Quando il Centre Pompidou di Parigi propone una mostra di un’artista che conosco solo di nome, che conosco poco o che non conosco affatto, allora parto per Beaubourg sempre con fiducia e, in quasi 45 anni, credo di non essere mai incappato in una delusione. E con lo stesso spirito (e il medesimo risultato) che,in una assolata mattina di fine agosto, sono andato a visitare “Le Grand Atlas de la Désorientation, la superba esposizione di Tatiana Trouvé che ha appena chiuso i battenti. Ed effettivamente da c’è restare disorientati, ma nel migliore dei sensi, diciamo quello benjaminiano, che considerava il perdersi come una cosa tutta da imparare.
Gli ambienti dipinti di Tatiana Trouvé sono luoghi di lavoro, cantieri dove la figura umana è assente e dove non è ben definito quali siano (stati) i lavori intrapresi. A ben guardare, ogni luogo di lavoro, ogni “cantiere” per usare un termine tecnico della sicurezza sul lavoro, è un luogo di mistero per i non addetti ai lavori che non ne riconoscono gli strumenti e non comprendono appieno quali siano i processi o le dinamiche di una specifica professione. Dove meglio che in un cantiere di lavoro ci si può sentire “spaesati”, dove meglio che in un luogo reale può definirsi la dialettica con il luogo (irreale) del sogno?

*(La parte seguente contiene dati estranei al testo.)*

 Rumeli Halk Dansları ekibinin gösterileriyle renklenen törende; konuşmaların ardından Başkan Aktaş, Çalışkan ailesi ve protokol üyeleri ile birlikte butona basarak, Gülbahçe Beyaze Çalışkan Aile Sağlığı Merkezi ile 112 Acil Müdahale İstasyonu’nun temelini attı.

Durante il lockdown del 2020 Tatiana Trouvé è nel suo atelier di Montreuil , alla periferia di Parigi, in compagnia del suo cane ed è qui a concepire alcune di queste grandi tele riunite nella serie “From March to May”. Favorita dalla solitudine dei luoghi ritrasmessi nei video di tutti i media, la Trouvé dedica grande attenzione anche al paesaggio naturale, che sembra aver trovato, ovunque nel mondo, il suo stato selvaggio. Ed è così anche per i luoghi sospesi in uno stato di abbandono da fine del mondo, come tutti ci ricordiamo. La domanda che ci si pone è se queste grandi tele, posizionate ad arte (alcune pendono dal soffitto al centro del grande spazio espositivo), costituiscano un atlante dei luoghi, come suggerito dal titolo, oppure siamo essi stessi veri e propri mondi del sogno e del mistero. Il dubbio non è solo lecito, ma legittimo, in considerazione anche della terza sezione della mostra che si intitola “Remanence” e che raccoglie opere dal 2008 con soggetti evanescenti, fantasmatici, presenze misteriose.

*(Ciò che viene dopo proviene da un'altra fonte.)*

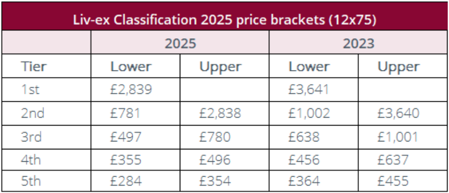 Le fasce di prezzo per la Classificazione Liv-ex 2025 (e quelle dell’edizione 2023) sono le seguenti: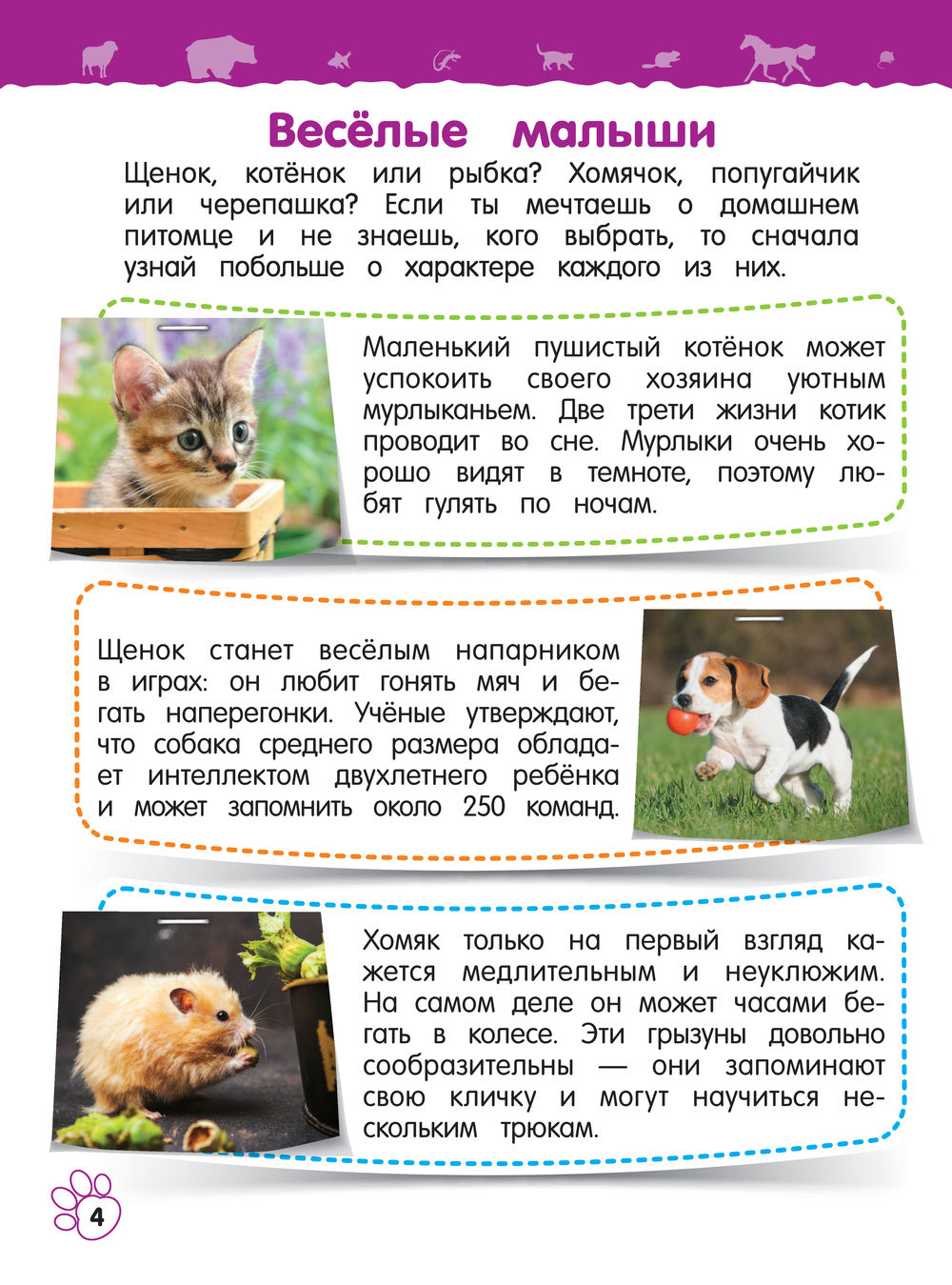 Весёлые щенки, милые котята, резвые хомяки, шумные цыплята, грациозные жеребята и даже экзотические слоны и обезьяны на протяжении тысячелетий живут рядом с человеком. На страницах нашей увлекательной красочной книги малышей ждёт множество любопытных фактов об этих и других домашних животных.

Figure umane, di donne soprattutto, che sembrano essere solo ormai presenze retiniche dopo la loro scomparsa. Dell’esposizione fanno parte anche una serie di sculture che testimoniano anch’esse il passaggio di “presenze” che tali non sono più: oggetti, arredi, suppellettili che portano con sé echi di una precedente presenza umana, non tangibile, ma testimoniata dall’opera stessa. Ta
tiana Trouvé (nata tra l’altro in Italia, a Cosenza) riesce a disorientarci, ma nello stesso tempo però a rassicurarci che la presenza umana è l’unica certezza per la possibilità di continuare a costruire sogni.